You can check our more about us and our company in this video here: https://bit.ly/3TV27rd
Our first api lets you lip-sync a person in a video to an audio in any language in zero-shot. You can check out some examples here (https://bit.ly/3IT3UXk)
Here’s a demo showing how it works and how to sync your first video / audio: https://bit.ly/4ablRwo
Our playground + api is live, you can play with our models here: https://app.synclabs.so/
Four years ago we open-sourced Wav2lip (https://github.com/Rudrabha/Wav2Lip), the first model to lipsync anyone to any audio w/o having to train for each speaker.

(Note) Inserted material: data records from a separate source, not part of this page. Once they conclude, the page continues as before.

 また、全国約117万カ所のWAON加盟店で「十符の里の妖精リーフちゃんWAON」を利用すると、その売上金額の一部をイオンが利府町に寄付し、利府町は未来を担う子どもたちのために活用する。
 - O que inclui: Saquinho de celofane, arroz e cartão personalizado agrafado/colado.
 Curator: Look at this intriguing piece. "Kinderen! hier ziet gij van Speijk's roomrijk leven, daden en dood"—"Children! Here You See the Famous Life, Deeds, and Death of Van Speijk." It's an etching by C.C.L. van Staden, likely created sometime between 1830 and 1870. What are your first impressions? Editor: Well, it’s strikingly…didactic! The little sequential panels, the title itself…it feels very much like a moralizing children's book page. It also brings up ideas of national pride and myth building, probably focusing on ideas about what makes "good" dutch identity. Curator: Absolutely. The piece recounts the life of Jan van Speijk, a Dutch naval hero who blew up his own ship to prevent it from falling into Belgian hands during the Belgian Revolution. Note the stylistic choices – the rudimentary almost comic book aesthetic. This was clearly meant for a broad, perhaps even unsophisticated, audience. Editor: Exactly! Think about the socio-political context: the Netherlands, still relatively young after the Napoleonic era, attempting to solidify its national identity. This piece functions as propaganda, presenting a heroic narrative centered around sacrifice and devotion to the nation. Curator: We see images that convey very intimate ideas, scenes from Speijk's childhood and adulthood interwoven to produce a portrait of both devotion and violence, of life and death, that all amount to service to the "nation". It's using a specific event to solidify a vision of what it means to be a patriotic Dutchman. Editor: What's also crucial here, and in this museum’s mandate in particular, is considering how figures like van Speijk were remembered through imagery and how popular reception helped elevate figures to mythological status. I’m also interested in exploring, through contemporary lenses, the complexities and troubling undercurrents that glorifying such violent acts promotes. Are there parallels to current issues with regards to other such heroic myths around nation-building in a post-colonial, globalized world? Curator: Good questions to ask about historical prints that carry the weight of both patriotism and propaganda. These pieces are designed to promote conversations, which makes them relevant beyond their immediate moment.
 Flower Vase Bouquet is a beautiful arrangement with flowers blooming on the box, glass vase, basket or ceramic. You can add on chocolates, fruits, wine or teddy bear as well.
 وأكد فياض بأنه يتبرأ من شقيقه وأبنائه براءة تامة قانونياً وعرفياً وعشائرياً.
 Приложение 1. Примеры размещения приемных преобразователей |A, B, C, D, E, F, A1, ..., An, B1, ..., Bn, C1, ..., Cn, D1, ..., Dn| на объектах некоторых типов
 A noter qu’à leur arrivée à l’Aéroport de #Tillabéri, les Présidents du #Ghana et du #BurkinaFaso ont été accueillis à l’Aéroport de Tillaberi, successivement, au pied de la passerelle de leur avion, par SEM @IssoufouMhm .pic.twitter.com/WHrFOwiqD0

Even now, it’s the most prolific lipsyncing model to date (almost 9k GitHub stars).
Human lip-sync enables interesting features for many products – you can use it to seamlessly translate videos from one language to another, create personalized ads / video messages to send to your customers, or clone yourself so you never have to record a piece of content again.

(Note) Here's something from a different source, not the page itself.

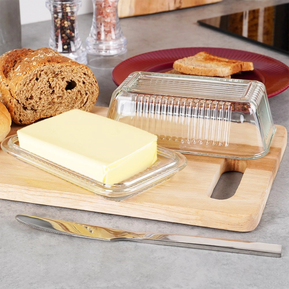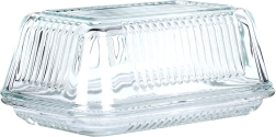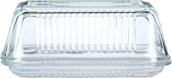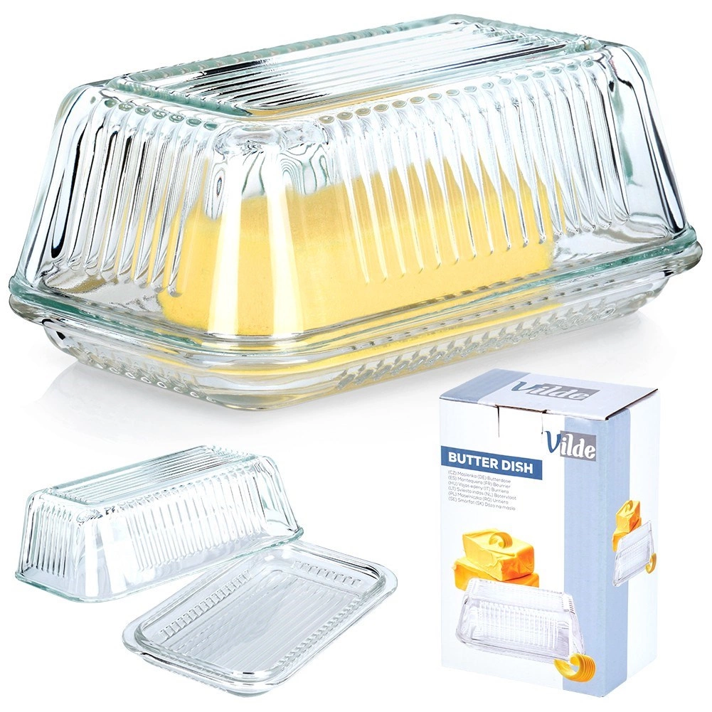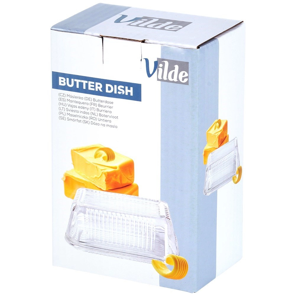 Elegantiška stiklinė sviestinė Vilde su klasikine forma ir gofruotu dizainu išlaiko sviestą šviežią ir estetiškai patiekiamą. Pagaminta iš aukštos kokybės, tvirto skaidraus stiklo, turi praktišką dangtį, kuris saugo nuo kvapų ir nešvarumų, o dėl permatomos medžiagos lengvai matysite likusį kiekį. Tinka plauti indaplovėje.

We’re excited about this area of research / the models we’re building because they can be impactful in many ways:
[1] we can dissolve language as a barrier
check out how we used it to dub the entire 2-hour Tucker Carlson interview with Putin speaking fluent English: https://vimeo.com/914605299
imagine millions gaining access to knowledge, entertainment, and connection — regardless of their native tongue.
realtime at the edge takes us further — live multilingual broadcasts + video calls, even walking around Tokyo w/ a Vision Pro 2 speaking English while everyone else Japanese.
[2] we can move the human-computer interface beyond text-based-chat
keyboard / mice are lossy + low bandwidth. human communication is rich and goes beyond just the words we say. what if we could compute w/ a face-to-face interaction?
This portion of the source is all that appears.